__DATASET CONTENT__.
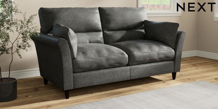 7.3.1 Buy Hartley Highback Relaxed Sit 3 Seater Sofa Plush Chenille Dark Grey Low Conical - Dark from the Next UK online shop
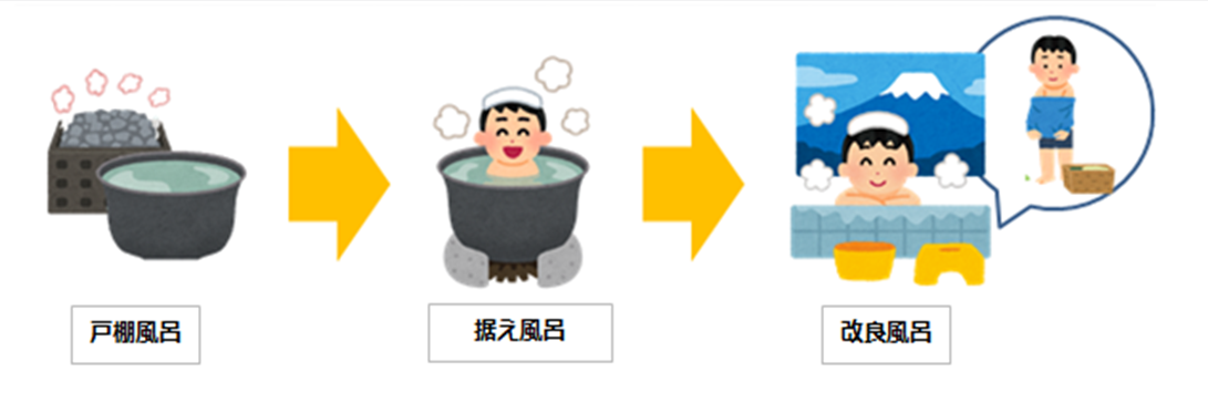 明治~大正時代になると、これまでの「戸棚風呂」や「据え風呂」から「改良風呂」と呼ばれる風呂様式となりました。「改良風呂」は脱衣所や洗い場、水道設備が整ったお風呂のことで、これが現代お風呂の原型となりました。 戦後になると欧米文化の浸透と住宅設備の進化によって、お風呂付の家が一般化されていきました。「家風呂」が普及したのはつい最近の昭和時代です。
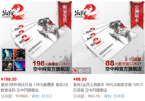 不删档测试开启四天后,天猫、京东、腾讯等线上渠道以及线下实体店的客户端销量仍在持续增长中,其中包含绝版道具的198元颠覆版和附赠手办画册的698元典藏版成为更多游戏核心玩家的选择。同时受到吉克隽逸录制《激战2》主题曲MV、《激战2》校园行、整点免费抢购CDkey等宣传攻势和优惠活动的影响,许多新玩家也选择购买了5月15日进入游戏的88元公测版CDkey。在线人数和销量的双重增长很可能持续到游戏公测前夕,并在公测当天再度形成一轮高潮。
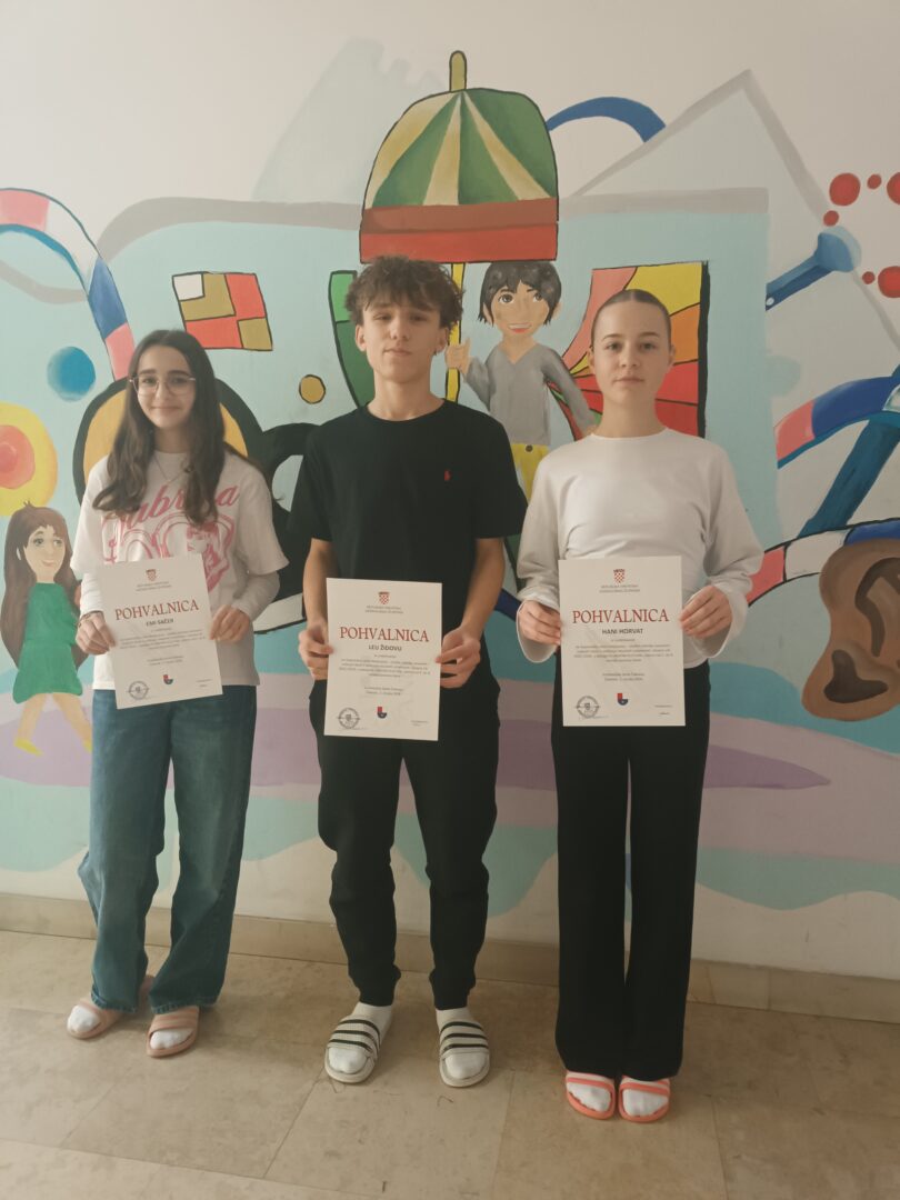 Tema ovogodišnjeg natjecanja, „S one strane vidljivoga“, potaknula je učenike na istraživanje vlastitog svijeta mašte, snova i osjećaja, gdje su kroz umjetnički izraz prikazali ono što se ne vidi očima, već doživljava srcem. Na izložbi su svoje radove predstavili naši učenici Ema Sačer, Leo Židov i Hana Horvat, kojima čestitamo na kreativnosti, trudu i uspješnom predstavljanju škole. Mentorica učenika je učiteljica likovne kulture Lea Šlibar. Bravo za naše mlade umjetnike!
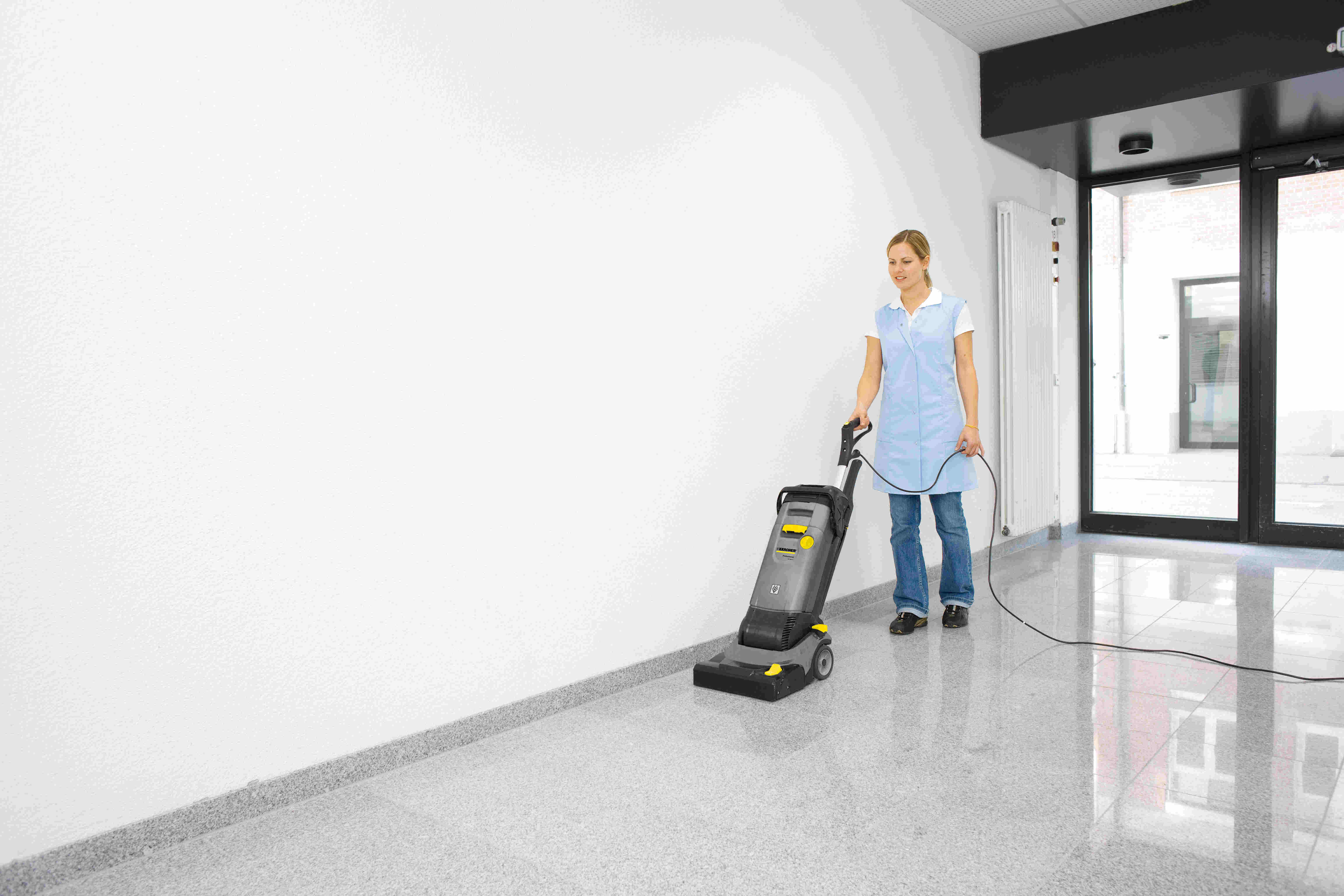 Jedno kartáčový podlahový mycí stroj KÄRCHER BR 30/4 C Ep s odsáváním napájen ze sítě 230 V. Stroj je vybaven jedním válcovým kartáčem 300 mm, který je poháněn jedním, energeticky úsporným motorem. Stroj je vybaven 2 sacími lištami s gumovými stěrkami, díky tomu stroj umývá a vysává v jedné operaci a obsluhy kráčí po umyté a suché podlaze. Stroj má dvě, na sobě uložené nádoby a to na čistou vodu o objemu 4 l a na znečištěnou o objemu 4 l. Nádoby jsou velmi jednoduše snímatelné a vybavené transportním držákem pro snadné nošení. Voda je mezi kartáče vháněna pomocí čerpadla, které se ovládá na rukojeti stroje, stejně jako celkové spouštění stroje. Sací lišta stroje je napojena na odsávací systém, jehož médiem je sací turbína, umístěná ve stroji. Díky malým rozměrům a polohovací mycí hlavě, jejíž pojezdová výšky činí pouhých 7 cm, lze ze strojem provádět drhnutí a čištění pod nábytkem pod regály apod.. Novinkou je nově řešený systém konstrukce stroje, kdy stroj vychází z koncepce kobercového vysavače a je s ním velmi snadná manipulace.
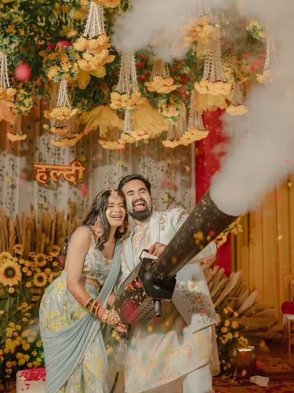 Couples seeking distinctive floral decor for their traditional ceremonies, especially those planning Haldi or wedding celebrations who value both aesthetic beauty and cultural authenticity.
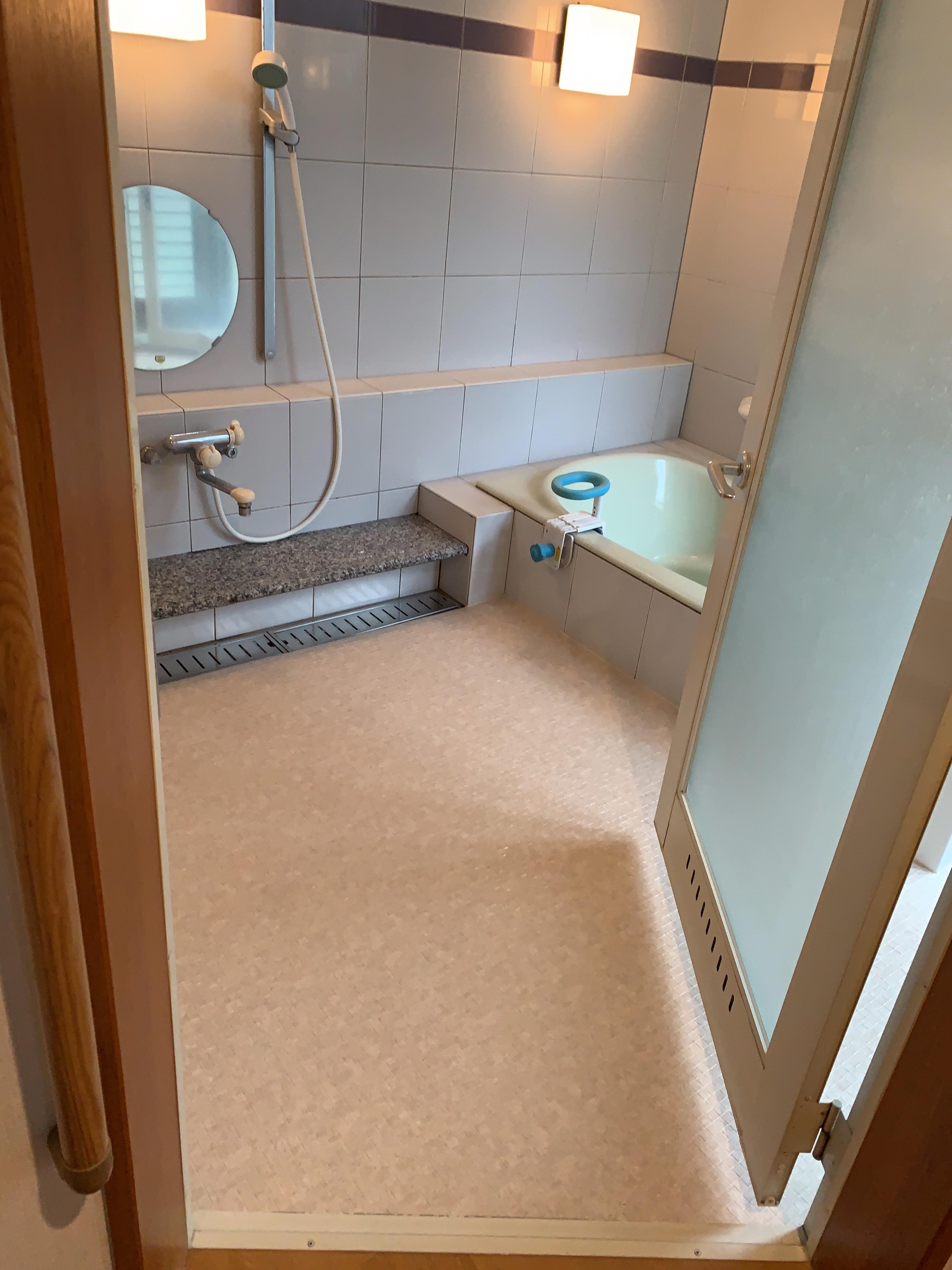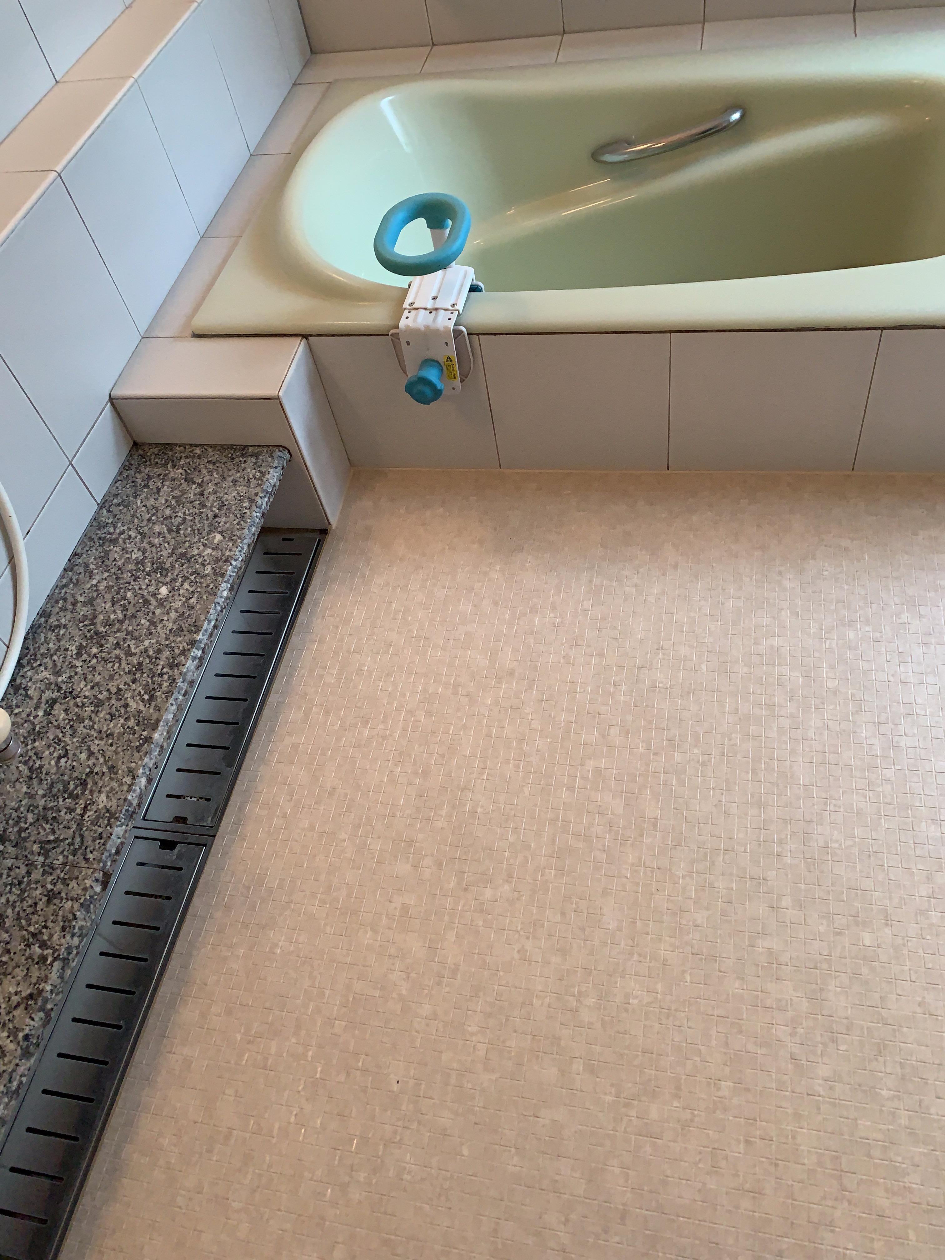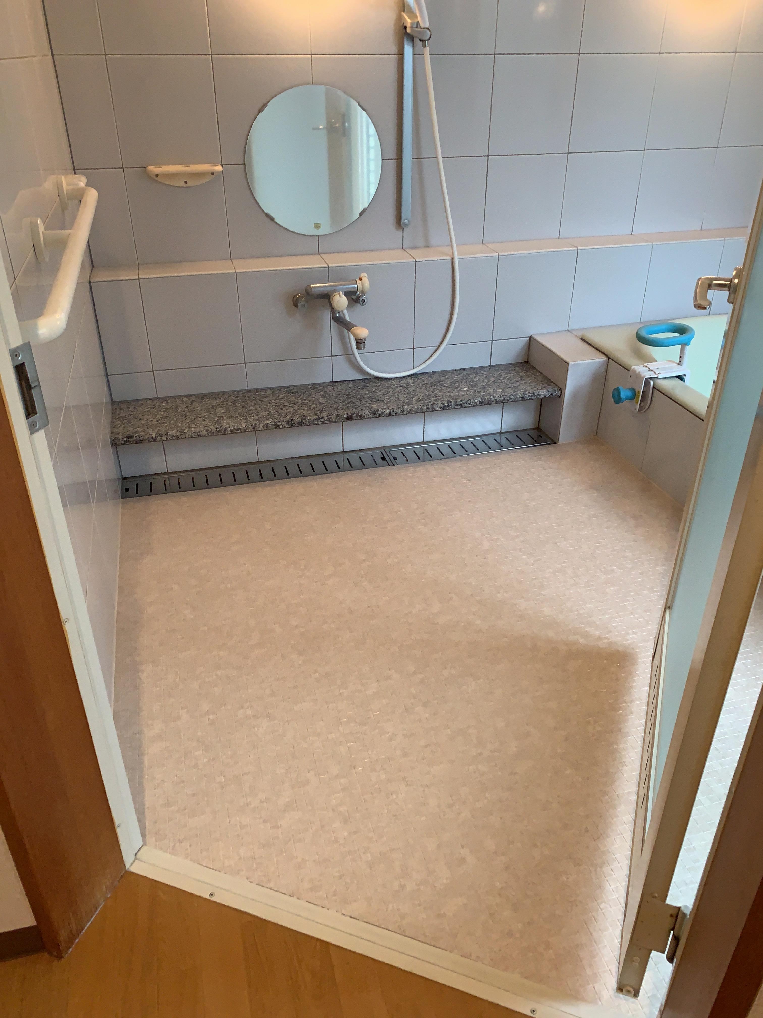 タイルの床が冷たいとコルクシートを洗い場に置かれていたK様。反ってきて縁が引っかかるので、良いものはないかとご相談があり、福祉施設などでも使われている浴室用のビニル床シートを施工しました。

__REQUIRED ACTION__.
Please transcribe exactly the lines from the one that contains "Couples seeking distinctive" through the closing line of the entries, with no pictures.

__SOLUTION FOR THIS TASK__.
 Couples seeking distinctive floral decor for their traditional ceremonies, especially those planning Haldi or wedding celebrations who value both aesthetic beauty and cultural authenticity.
 タイルの床が冷たいとコルクシートを洗い場に置かれていたK様。反ってきて縁が引っかかるので、良いものはないかとご相談があり、福祉施設などでも使われている浴室用のビニル床シートを施工しました。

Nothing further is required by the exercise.